### [ASSIGNMENT]
Taking the line with "7. К картофелю" as the first and the line with "Riding through the" as the last, set down exactly every line in that range from the entries below, and no more.

** Opening LISTED ENTRIES block **

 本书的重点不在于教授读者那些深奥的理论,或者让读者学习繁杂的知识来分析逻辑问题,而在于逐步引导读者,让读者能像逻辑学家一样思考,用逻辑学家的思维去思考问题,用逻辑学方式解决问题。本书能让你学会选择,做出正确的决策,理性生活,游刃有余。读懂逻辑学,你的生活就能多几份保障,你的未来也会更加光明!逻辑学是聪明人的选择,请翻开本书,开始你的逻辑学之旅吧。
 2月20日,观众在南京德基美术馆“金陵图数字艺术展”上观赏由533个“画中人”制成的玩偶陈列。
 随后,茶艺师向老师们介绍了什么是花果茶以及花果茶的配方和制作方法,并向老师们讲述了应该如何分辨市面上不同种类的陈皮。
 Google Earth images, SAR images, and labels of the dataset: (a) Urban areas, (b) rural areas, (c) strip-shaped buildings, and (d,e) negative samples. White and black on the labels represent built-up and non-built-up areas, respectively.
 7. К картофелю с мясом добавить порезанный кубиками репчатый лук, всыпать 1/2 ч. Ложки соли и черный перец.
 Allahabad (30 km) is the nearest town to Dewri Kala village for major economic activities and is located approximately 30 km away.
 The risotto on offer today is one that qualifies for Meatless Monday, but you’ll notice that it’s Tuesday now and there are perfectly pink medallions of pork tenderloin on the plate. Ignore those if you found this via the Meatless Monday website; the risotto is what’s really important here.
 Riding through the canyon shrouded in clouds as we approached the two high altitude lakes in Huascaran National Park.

** Closing LISTED ENTRIES block **
** Opening LISTED ENTRIES block **

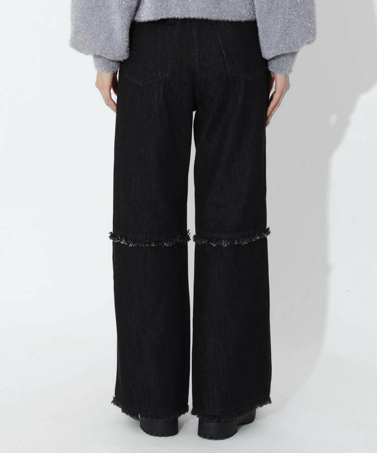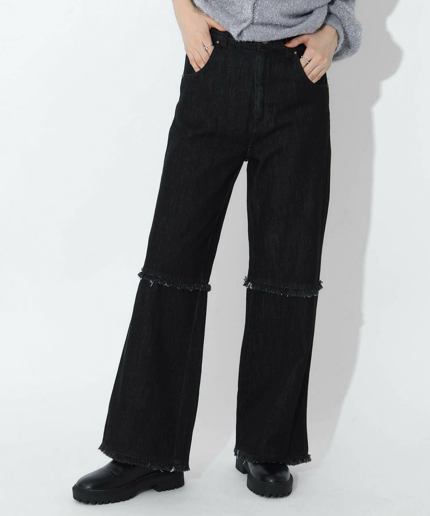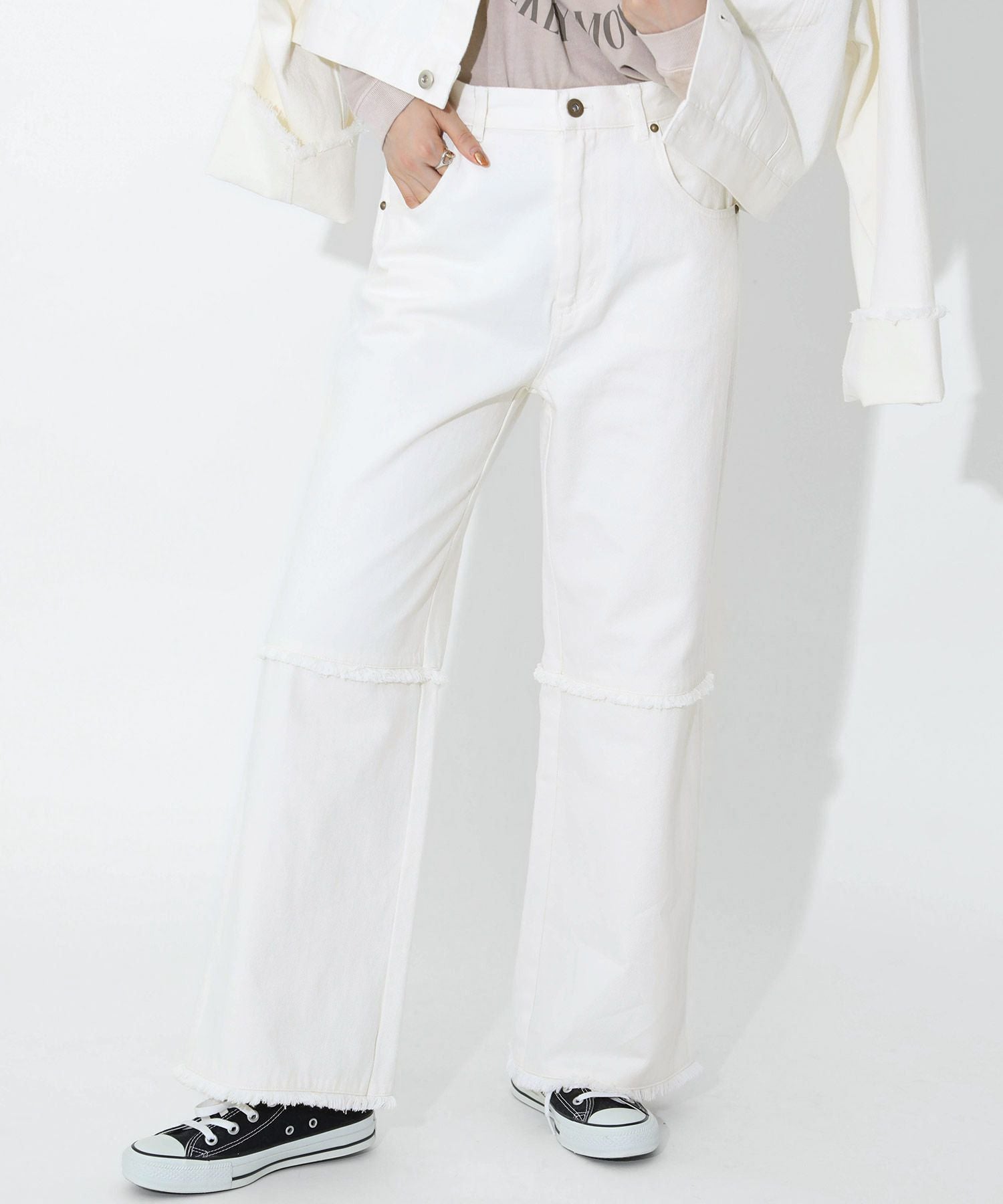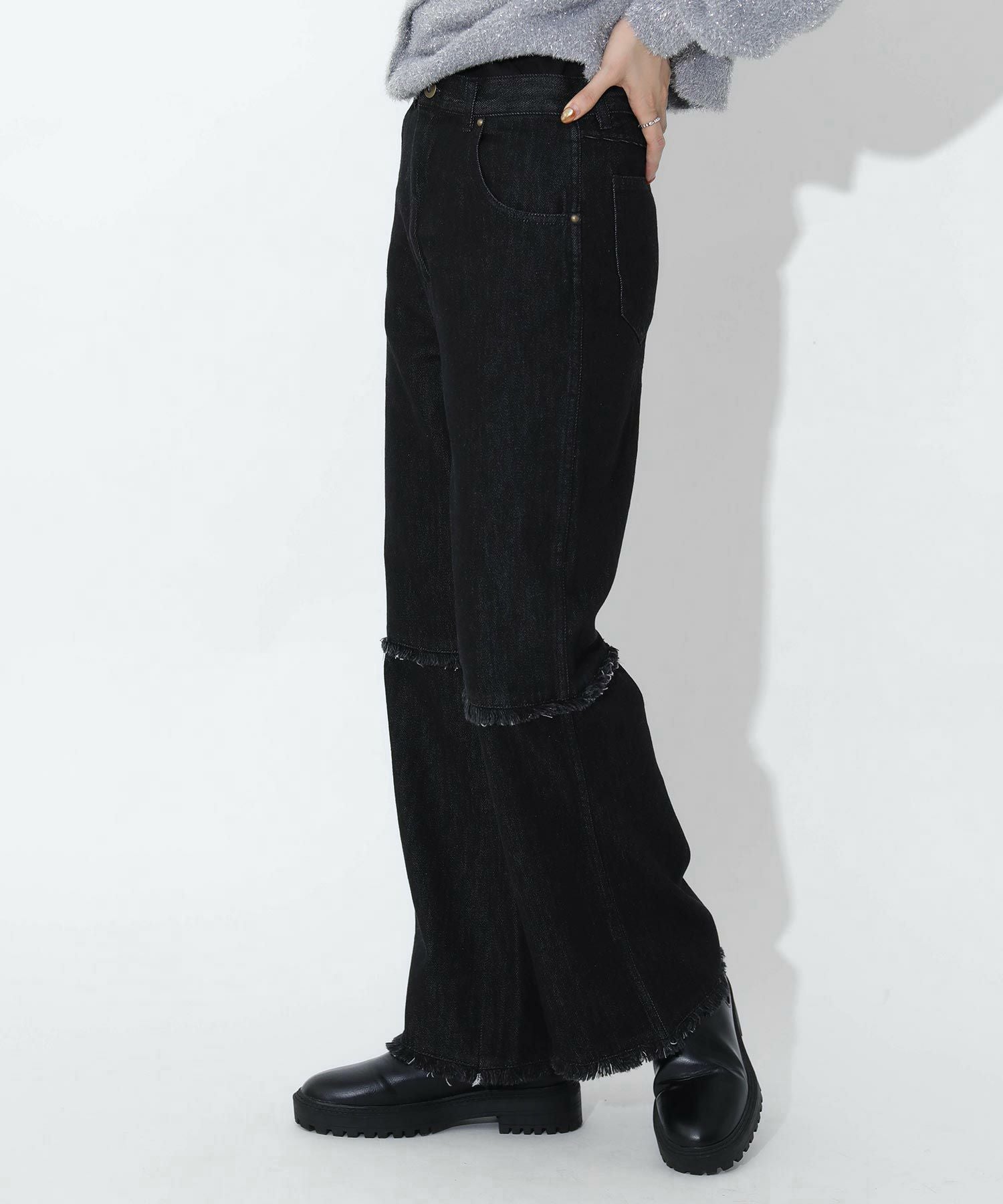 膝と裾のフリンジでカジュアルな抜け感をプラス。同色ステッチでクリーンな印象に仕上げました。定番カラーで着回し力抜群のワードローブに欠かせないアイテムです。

** Closing LISTED ENTRIES block **

### [EXERCISE RESULT]
 7. К картофелю с мясом добавить порезанный кубиками репчатый лук, всыпать 1/2 ч. Ложки соли и черный перец.
 Allahabad (30 km) is the nearest town to Dewri Kala village for major economic activities and is located approximately 30 km away.
 The risotto on offer today is one that qualifies for Meatless Monday, but you’ll notice that it’s Tuesday now and there are perfectly pink medallions of pork tenderloin on the plate. Ignore those if you found this via the Meatless Monday website; the risotto is what’s really important here.
 Riding through the canyon shrouded in clouds as we approached the two high altitude lakes in Huascaran National Park.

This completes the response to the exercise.